I had my buttercomb #5 for a few weeks now. It looks the same as my other $5.00 comb and works the same too. I don't think the $35.00 price tag is justified, but for some reason I only use buttercomb now. It's probably a mental thing that the more expensive comb must be better.


----------



## SUZIEQ637 (Apr 3, 2008)

Exactly how much is the buttercomb? Gracie is 7 months old and I am just beginning to find mats on her legs. It would break my heart to have to shave her. I have been using a spray before brushing and also trying to separate the mats with my fingers before brushing.


----------



## Havtahava (Aug 20, 2006)

Suzie, here is the link to the combs:http://www.chrissystems.com/combs.htm

They range from $20 - $40, but my favorite is #005, which is $35.


----------



## Posh's Mom (Dec 20, 2007)

I still say the comb works much better than my $8 greyhound comb, which now, of course, I'm using because I can't find my Buttercomb. 

Diane I have searched my car high and low, and I'm wondering if I might have somehow dropped en route....dang!


----------



## Lilysplash I (Jul 19, 2007)

I really like the Evolution rotating combs


----------



## SUZIEQ637 (Apr 3, 2008)

Thanks everyone for your opinions about the Buttercomb. I guess you can tell that I am new to this world. 

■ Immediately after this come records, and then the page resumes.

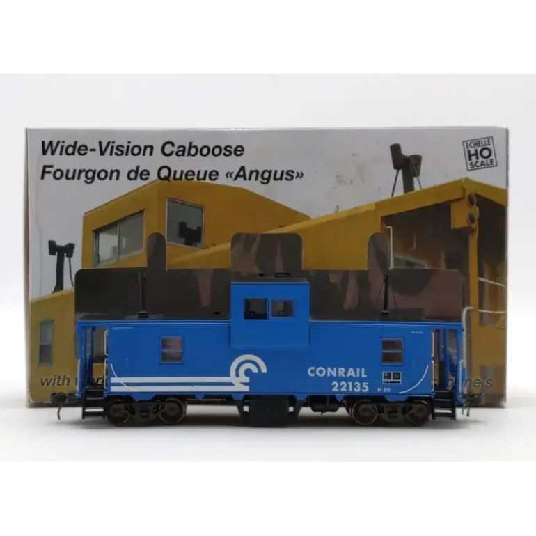 This is a Rapido Trains 110085 HO Scale Conrail Transcona Yard Wide Vision Caboose Lighted & Assembled #22135. This car features plastic construction, plastic trucks, metal wheels, plastic axles, and knuckle couplers.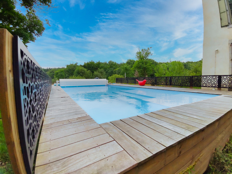 The heated pool is a joy in summer and the fireplaces make it a cosy winter retreat with two huge sun rooms enjoying wide views of the forest from the upper floors.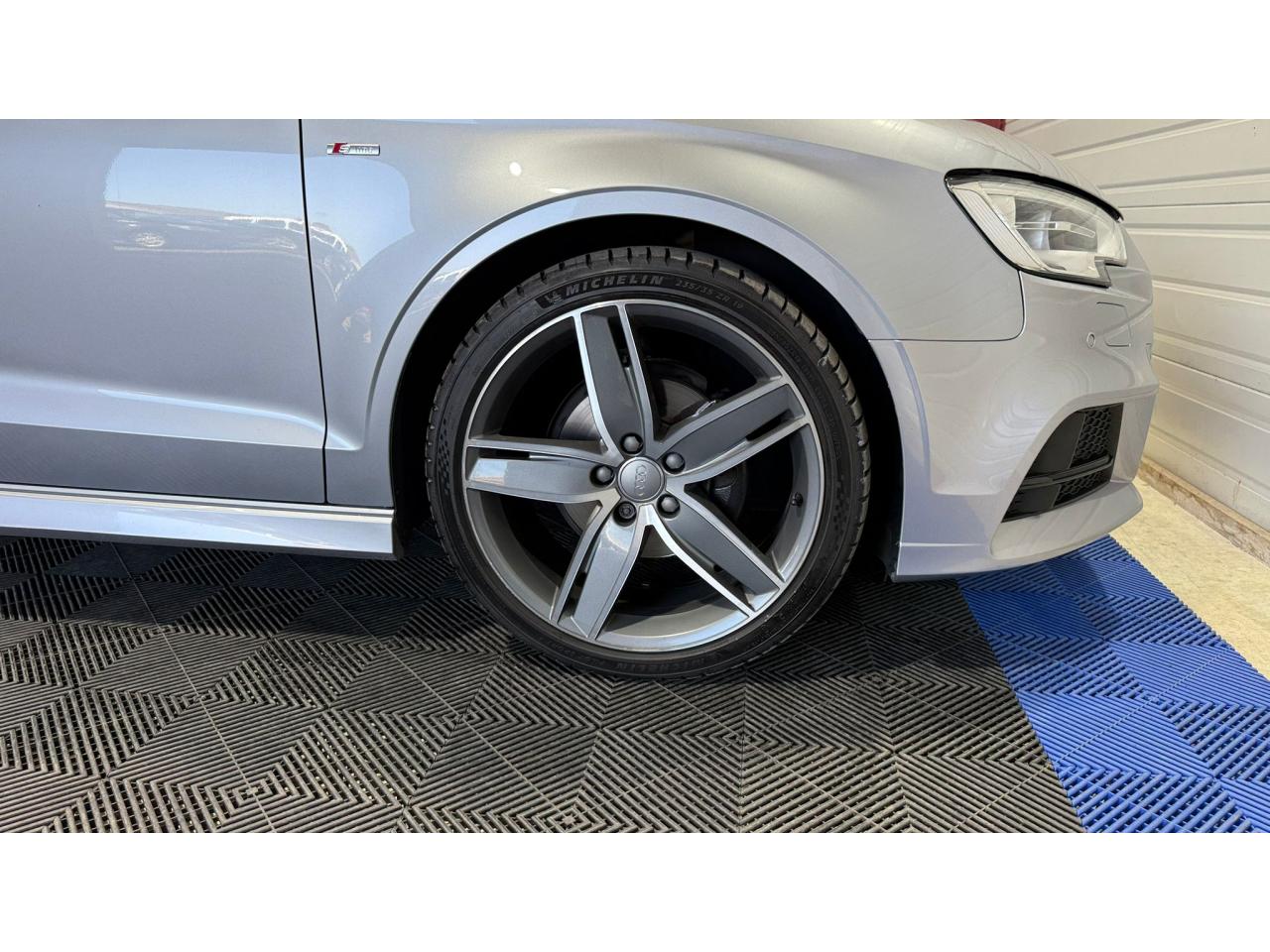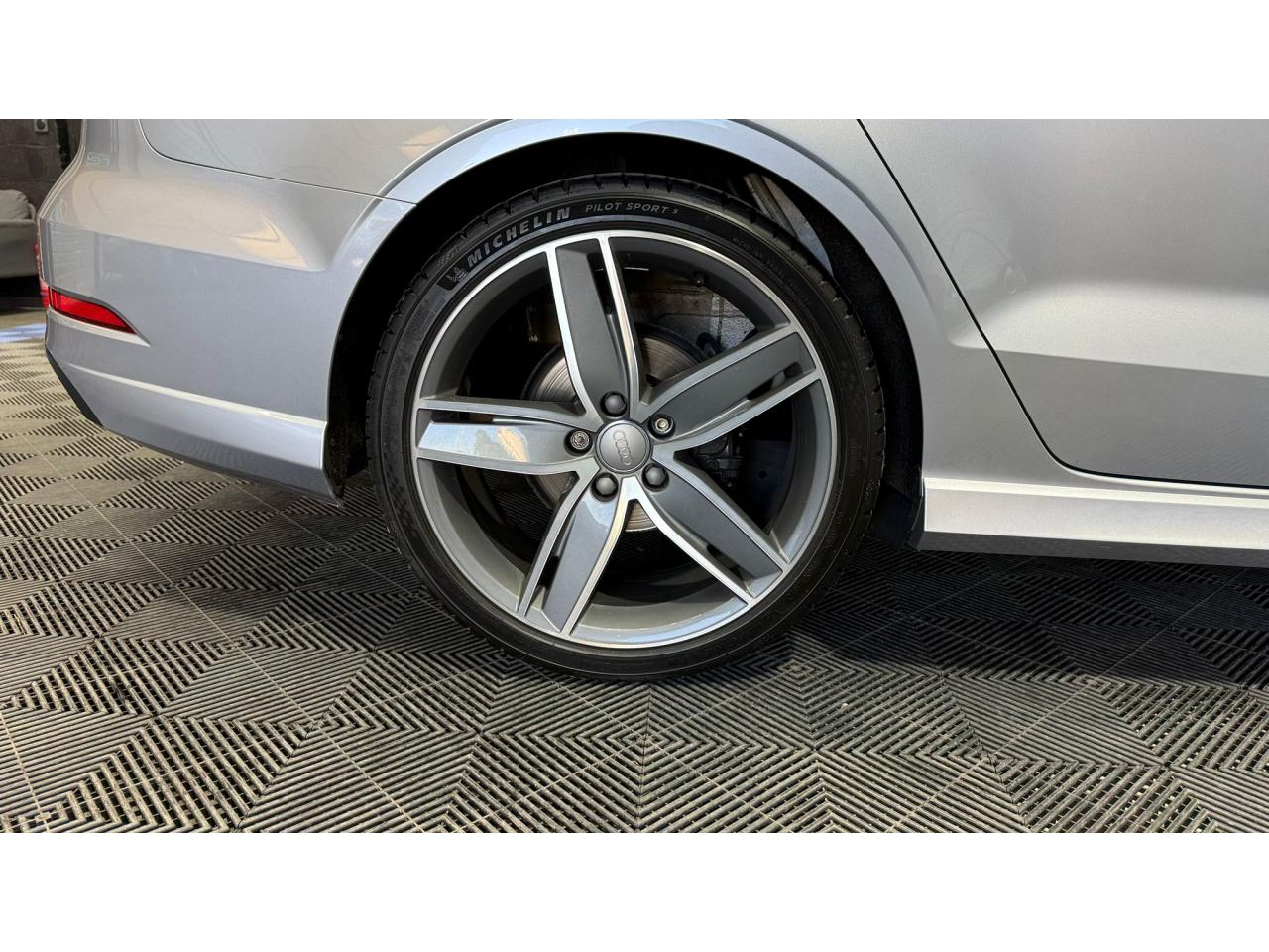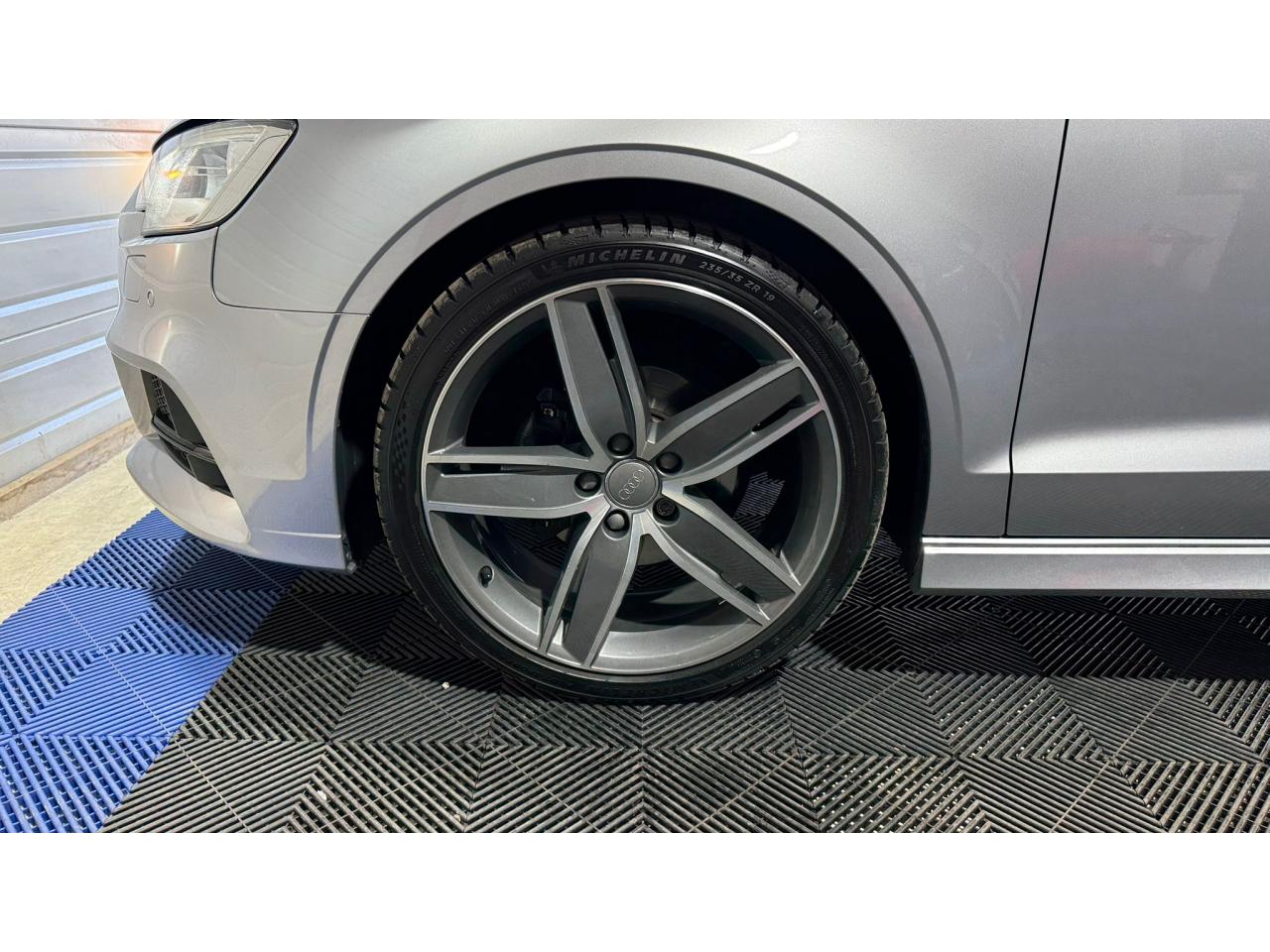- Jantes en aluminium coulé Audi Sport en style aile à 5 bras, style titane brillant, dimensions 8J x 19 avec pneus 235/35 R19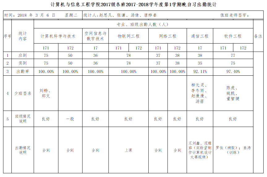 3月6日大一晚自习出勤情况通报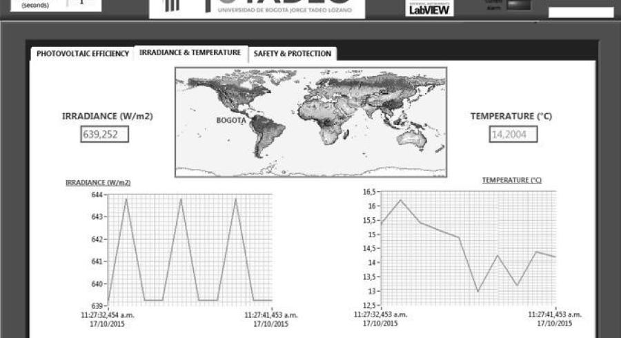This work describes a mathematical model developed to identify solar radiation and ambient temperature patterns in Bogota, Colombia, using autoregressive modeling with exogenous inputs (ARX). The solar radiation data and temperature used in the model were taken from the meteorological stations of Universidad de Bogotá Jorge Tadeo Lozano and Instituto de Hidrología, Meteorología y Estudios Ambientales – IDEAM from Colombia; for a period of 5 years (2011-2015). The model (ARX) was implemented using the LabVIEW graphical programming language, and allow identification of solar radiation parameters using techniques MSE. After applying the ARX model, the results showed that the correlation between the solar radiation measured by the monitoring station and evaluated by the algorithm was 86.64%; while for the temperature was 76.15% for the same period. This type of parameter identification is for application in the field of photovoltaic solar energy as it might be possible to identify future capabilities of generating electricity with solar panels.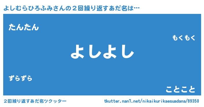 | ヘコむあだ名 | 『よしもー』『よしむらひろふみ(遠い目)』 |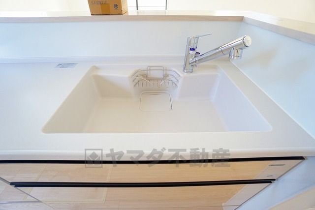 広々とした凸型シンクに洗剤ポケットを標準装備。大きなお鍋など洗いやすいです。洗剤や石鹸、スポンジもすっきりできる収納付き。
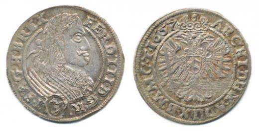 3 kr. 1657 GH, Vratislav-Hübner jako MKČ 1294, ale v rv. kruh perlovcem, pod korunou jablko s křížkem!! "R"_nezn. just.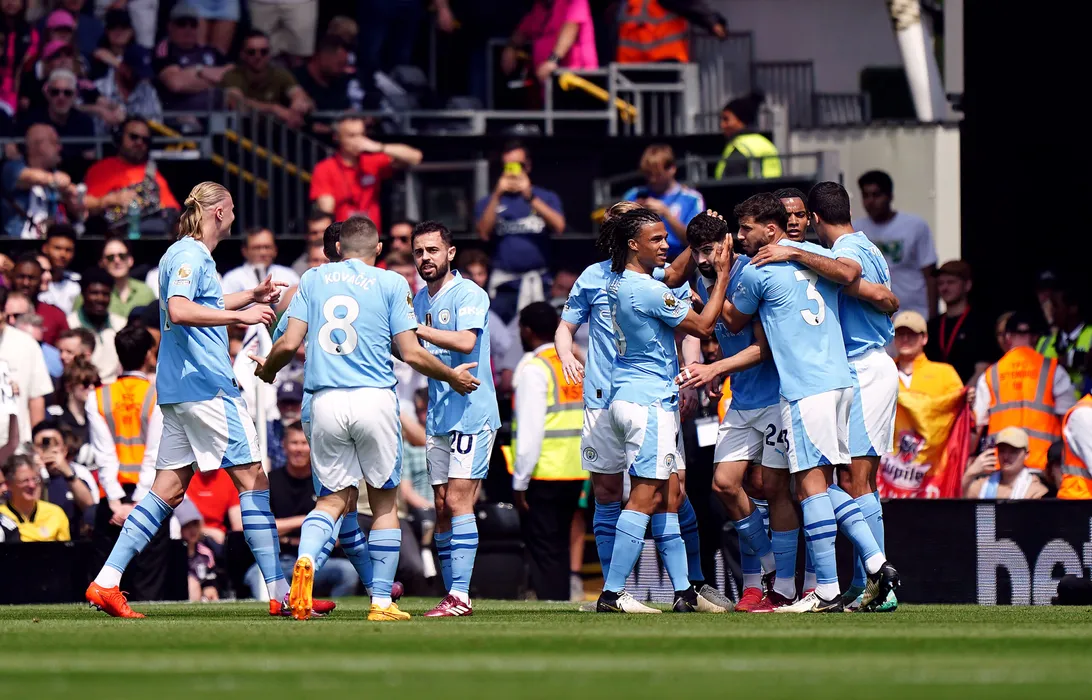 11 May 2024, United Kingdom, London: Manchester City's Josko Gvardiol (4th R) celebrates with teammates after scoring their side's first goal during the English Premier League soccer match between Fulham and Manchester City at Craven Cottage, London. Photo: Zac Goodwin/PA Wire/dpa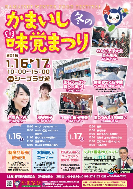 釜石市で冬の味覚まつりが開催されます。 ‘わんこそば大会釜石場所’‘釜石ラーメン腹ペコまつり’‘鮭のつみれ汁お振舞い’などおいしいものが楽... 続きを読む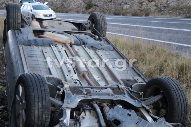 Το αυτοκίνητο, αφού πέρασε στο αντίθετο ρεύμα κυκλοφορίας τούμπαρε εκτός δρόμου.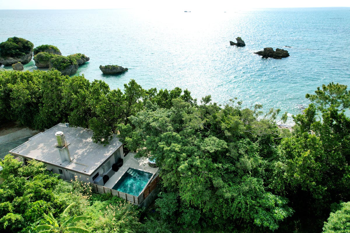 目の前に広がる碧い海と空を独占する、プール・ジャグジー完備の一棟貸し宿です。

Kimberly, thanks so much for the web site. It's great to see what you are all talking about.


----------



## swtxsweetie (May 16, 2008)

Perhaps Miko's hair won't be matted if you brush him every day like I brush Momo. :biggrin1: I am just kidding....Miko's daddy is my brother whom I love to tease 

If the tools doesn't improve anything, perhaps it's the way you brush. Wonder if they have videos on youtube to show how to properly brush a long haired dog.... Anyone have any tips?


----------